In [1]:
import polars as pl

# Problem Statement
There were a couple of issues with the previous branch algorithm. 1) it was inefficient, performing many summary function calls for each branch addition/removal. 2) it had some corner cases where we could end up adjusting a node with no samples, causing our running total of the summary function to turn into a NaN value, which effectively "poisons" the rest of the LD matrix (the running sum of a NaN is simply a NaN).

The old algorithm updated each stat/node to account for samples that already existed on the node by subtracting thir contribution from the stat. We also had to add back in contributions from samples that remained after removing a sample from a node. In short, we were adding/subtracting a stat from the running total twice for every time we propagated the results up the tree to the parents. This means that we were performing two summary function calls and set two union/subtraction calls every time we needed to crawl up the tree to propagate changes to parent nodes.

We devised a new algorithm for two-locus branch stats that avoids incremental adjustments and natively avoids computing NaN values. The new algorithm defers all stat updates until the end of branch addition/removal. We do this by storing the nodes that were affected by sample addition or removal, removing the total contribution from all nodes with sample removals. At the end of the routine, we add back in the stat contribution from nodes that are still present after updates.

The purpose of this analysis is to gain an understanding of the computational improvements we realize with this new method. The python version of this algorithm isn't optimized for speed, it's written to reflect the C code and to serve as documentation for the inner workings of the C code.

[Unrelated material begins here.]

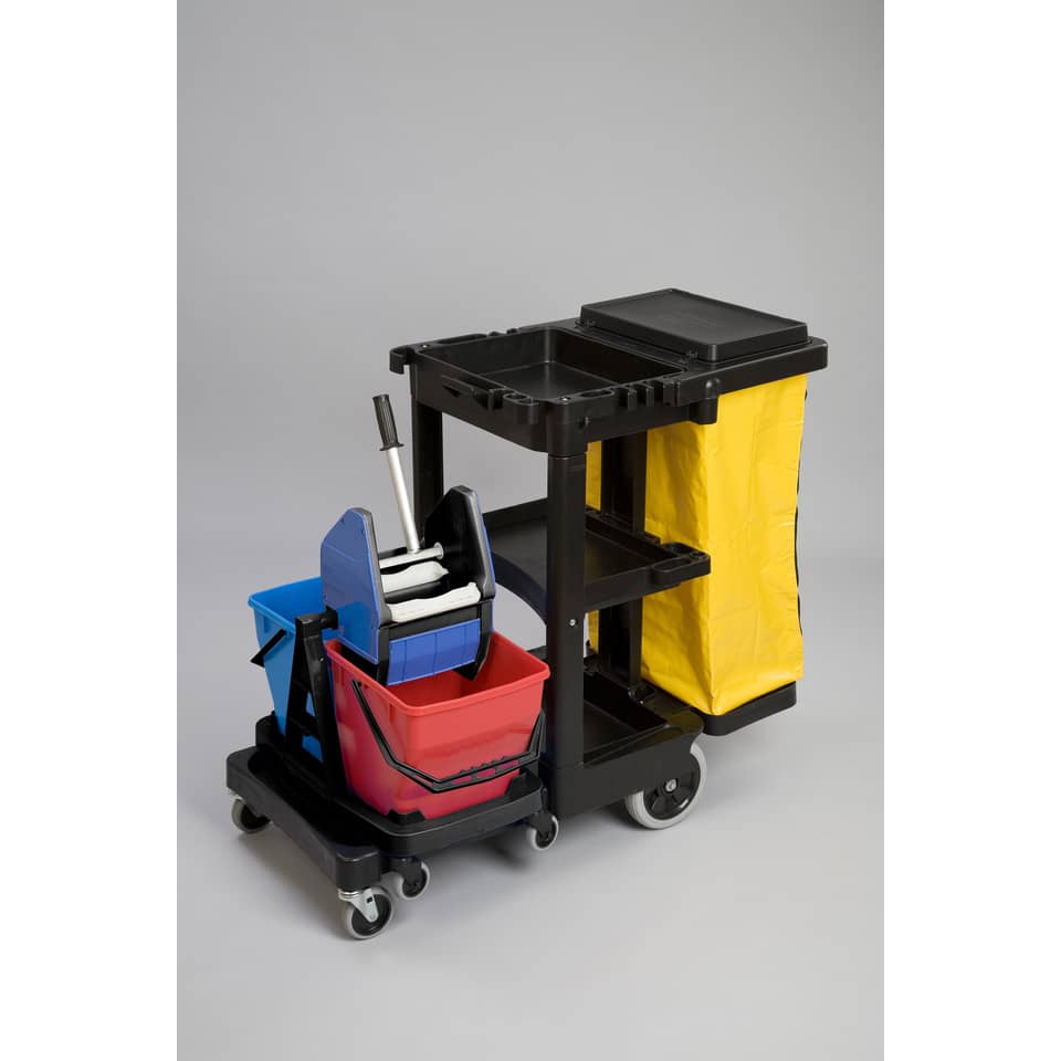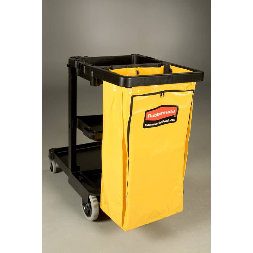 Carrello di pulizia con sacco di raccolta rifiuti in vinile giallo con zip di chiusura (per facilitare l'estrazione della spazzatura).

So, we won't be measuring runtime, instead we'll be measuring:

* Node sample set unions/subtractions
* Calls to the summary function

The most computationally expensive parts of this algorithm are calls to the summary function and the manipulation of sample set bit arrays. By measuring the relative number of expensive operations that each algorithm performs, we can estimate the time improvements.

# Simulations
Let's simulate some trees with reasonable complexity to benchmark with. 

In [2]:
import msprime

In [3]:
ts = msprime.sim_ancestry(
    samples=25,
    sequence_length=1e2,
    recombination_rate=1e-2,
    ploidy=1,
    population_size=25,
    random_seed=23,
)

The python code still can't handle large trees in a reasonable amount of time, so the simulation must be relatively small

In [4]:
ts

Tree Sequence,Unnamed: 1
Trees,82
Sequence Length,100.0
Time Units,generations
Sample Nodes,25
Total Size,25.8 KiB
Metadata,No Metadata

Table,Rows,Size,Has Metadata
Edges,504,15.8 KiB,
Individuals,25,724 Bytes,
Migrations,0,8 Bytes,
Mutations,0,16 Bytes,
Nodes,150,4.1 KiB,
Populations,1,224 Bytes,✅
Provenances,1,1005 Bytes,
Sites,0,16 Bytes,


A bit of code for benchmarking

In [5]:
import sys
from pathlib import Path

TS_PATH = str(Path("~/repo/tskit/python").expanduser())
if not TS_PATH in sys.path:
    sys.path.insert(0, TS_PATH)

from tests.test_ld_matrix import ld_matrix

In [6]:
import io
import sys


def capture_stdout(func, *args, **kwargs):
    """
    We go through this dance so that we can read print statements
    directly from the code
    """
    buf = io.BytesIO()
    try:
        orig = sys.stdout
        sys.stdout = buf
        stats = func(*args, **kwargs)
    finally:
        sys.stdout = orig
    buf.seek(0)
    return buf, stats


def read(buf, has_header=False):
    return pl.read_csv(
        buf,
        has_header=has_header,
        separator="\t",
        schema={"op": pl.String, "tree": pl.Int32, "p": pl.Int32, "c": pl.Int32},
    )

First, let's benchmarking the old code. 

In [7]:
%%time
buf, ld = capture_stdout(ld_matrix, ts, mode="branch")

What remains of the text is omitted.